The results show a flat time trend.  Due to the relatively small number of observations in a year, annual estimates vary considerably, but the average estimate in 2015 is close to the historic average of JCCP.  A replicability score of 65% in 2015 places JCCP in the top-third of psychology journals. In the OSF-Reproducibilty Project, the actual rate of successful replicaitons is likely to be about 20% lower than the statistically predicted power. Thus, about 1/3 of the published results are expected to produce significant results in studies that aim to reproduce the original studies.

Replicability-Report for SOCIAL COGNITION

SOCIAL COGNITION is published by Guilford Press.

SCImago rankings of all psychology journals ranked SOCIAL COGNITION #178 with an SJR-Impact-Factor of 1.2 in 2014.

At present, the replicability-report is based on articles published from 1995 to 2015.  During this time, SOCIAL COGNITION published 550 articles.  The Replicability-Report is based on 450 articles that reported one or more t or F-test in the text (results reported in Figures or Tables are not included).  The test-statistic was converted into z-scores to estimate post-hoc-power.  The analysis is based on 5,331 z-scores in the range from 2 (just above the 1.96 criterion value for p < .05 (two-tailed) to 4.

PHP-Curve SocialCognition

Based on the distribution of z-scores in the range between 2 and 4, the average power for significant results in this range is estimated to be 55% with a homogeneous model, which is currently being used for the replicability ranking.  The average power assuming heterogeneity is 46%.  This estimate suggests that only half of the published results with z-scores in this range yield significant results in an exact replication study with the same sample size and power (results with z > 4 are expected to replicate with nearly 100%).

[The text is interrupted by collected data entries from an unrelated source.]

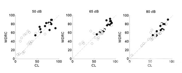 <span style="font-size:16px;"> 重度聽力損失是500Hz、1000Hz、2000Hz和4000Hz平均聽閾在61dB HL和80dB HL之間的聽力損失。重度聽損患者更趨向于:</span></p><p><span style="font-size:16px;"> 1、 聽力損失時間較久;</span></p><p><span style="font-size:16px;"> 2、 有助聽器佩戴史;</span></p><p><span style="font-size:16px;"> 3、 言語分辨率較低;</span></p><p><span style="font-size:16px;"> 4、 噪音環境中交流困難。</span></p><p><span style="font-size:16px;"> (一)重度聽力損失的特點</span></p><p><span style="font-size:16px;"> 60dB HL是單純外毛細胞損傷和內外毛細胞共同損傷的分界點,內毛細胞受損預示著重度聽力損失,這類患者的頻率選擇能力降低,在相關頻率范圍內難以分辨兩種聲音。這是噪聲環境下交流困難的主要原因。</span></p><p><span style="font-size:16px;"> 簡單來說,頻率選擇能力越低,自身降噪能力越差,噪聲下識別信號的能力也就越差。</span></p><p><span style="font-size:16px;"> (二)選擇合適的放大策略</span></p><p><span style="font-size:16px;"> 反饋抑制:這項技術在傳統方法的基礎上有更好的減少嘯叫的效果。</span></p><p><span style="font-size:16px;"> 指向性麥克風:有指向性功能的助聽器可以明顯提高信噪比(SNR)。現在自適應指向性麥克風廣泛地應用于大功率耳背機中。</span></p><p><span style="font-size:16px;"> 對于噪聲下言語交流困難的重度聽力損失患者,選配帶有指向性麥克風的助聽器效果顯著。</span></p><p><span style="font-size:16px;"> 聽力學家對重度聽損人士的指向性麥克風做過獲益度測試,發現平均言語識別能力提升了14%。</span></p><p><span style="font-size:16px;"> 重度聽損患者使用指向性功能時必須保證一定低頻增益,否則他們會感覺聲音不夠洪亮。</span></p><p><span style="font-size:16px;"> 寬動態范圍壓縮線路(WDRC):</span></p><p><span style="font-size:16px;"> 如下圖,白點是重度聽力損失患者的輔音識別得分,黑點是輕度至中度聽損患者的輔音識別得分;每位受試者佩戴四通道的耳背機,驗配采用NAL公式;測試言語聲強度分別為50dB SPL、65dB SPL和80dB SPL;比較WDRC和線性輸出壓縮限制(CL)兩種線路的得分。</span></p><center><span style="font-size:16px;"><img alt="" src="/upfiles/201809170201049787.png" width="600" height="240" /></span></center><p></p><p><span style="font-size:16px;"> 等分位于對角線附近代表兩種處理方式效果相似,得分位于對角線上方表示WDRC線路效果更好,而下方則表示CL線路效果更好。</span></p><p><span style="font-size:16px;"> 對重度聽損患者來說,輸入輕聲和中等聲時WDRC線路比CL線路效果更好;輸入響聲時兩種線路的區別并不大。所以使用WDRC線路可以獲得比CL線路更高的言語識別率。</span></p><p><span style="font-size:16px;"> 壓縮速度:壓縮越深可聽度越高,因為患者可以聽到更寬的聲音響度范圍。</span></p><p><span style="font-size:16px;"> 快反應壓縮(起效和釋放時間很短)可以降低元音(響度較大)增益并提高輔音(響度較小)增益,從而提高可聽度。</span></p><p><span style="font-size:16px;"> 所以理論上來講,對于重度聽損人士,使用多通道助聽器、低壓縮拐點、高壓縮比、音節壓縮,可以最大程度提高驗配效果。</span></p><p><span style="font-size:16px;"> 但壓縮越深就意味著有聲音失真越大,音節壓縮丟失了重要言語信息,導致輔音分辨不清。若要保留這些信息,則需要慢反應壓縮(起效和釋放時間較長)。</span></p><p><span style="font-size:16px;"> 最好的情況是在提高可聽度的同時還保證信號不失真,但目前很難實現,找到二者的平衡點是最佳的選配方案。</span></p><center><span style="font-size:16px;"><img alt="" src="/upfiles/201809170201141216.png" width="440" height="250" /></span></center><p></p><p><span style="font-size:16px;"> 上圖為一組重度聽力損失患者選配快速和慢速WDRC線路的言語識別率對比。</span></p><p><span style="font-size:16px;"> 在輸入聲級為50和65 dB SPL時,快反應壓縮線路的受試者得分明顯比慢反應壓縮線路的受試者差;在80 dB SPL輸入聲級下則并無明顯差別。</span></p><p><span style="font-size:16px;"> 對輕度和中度聽力損失患者來說,無論何種輸入聲級,兩種壓縮方式的得分都沒有明顯差別(并未在圖中顯示)。</span></p><p><span style="font-size:16px;"> 對極重度聽力損失患者來說,可聽度比其他任何信息都重要,快反應壓縮線路效果比慢反應壓縮線路更好。</span></p><p><span style="font-size:16px;"> 綜上所述,在使用多通道WDRC線路助聽器前提下,一定程度的可聽度是必須的,在這個基礎上要追求最低的失真(最低的壓縮比以及最慢的壓縮),才能達到最好的驗配效果。</span></p><p><span style="font-size:16px;"> 我們經常會遇到重度聽力損失患者,應該找到適合他們的驗配策略并提供心理和生理咨詢。</span></p><p><span style="font-size:16px;"> 助聽器選配的效果受到外周及中樞聽覺系統的能力限制,重度感音神經性聽力損失患者很少能在噪音環境中聽清。</span></p><p><span style="font-size:16px;"> 但是,通過仔細的驗配和回訪調試,我們依然可以取得很好的效果。重度聽力損失患者體現了聽覺系統的復雜性,提醒我們僅僅增加增益對提高患者交流能力是遠遠不夠的。</span></p><p><span style="font-size:16px;"> 更多詳情請登錄www.jjrhy.com</span></p>" />
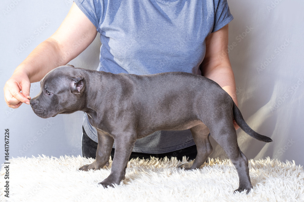 Blue Staffordshire Bull Terrier puppy being trained indoors on white fluffy rug. concept of dog training
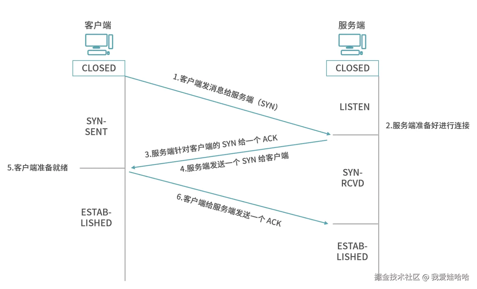 - 这一步是客户端对服务器回应的确认,告诉服务器,“我已经收到了你的同意建立连接的数据包,我们可以开始数据传输了”。通过三次握手,客户端和服务器之间就建立了一个可靠的双向连接,双方都知道了对方的初始序列号,并且可以根据序列号对数据包进行排序和确认,确保数据的正确传输。

The same method was used to estimate power for individual years.

PHP-Trend SocialCognition

The results show a decreasing trend and the estimate for the current year is only 35%. This estimate could still increase as more articles from 2015 are being published.  However, the replicability score for SOCIAL COGNITION is low and raises concerns about the replicability of results published in this journal.   The same method produced a replicability score of 32% for social psychology results in the OSF-Reproducibilty Project. The actual rate of successful replications, including z-scores greater than 4, was 8% when sample size was held constant.   Thus, the replicability score of 35% for articles published in 2015 in SOCIAL COGNITION suggests that few of the theoretically important results published in SOCIAL COGNITION would replicate in an actual replication study.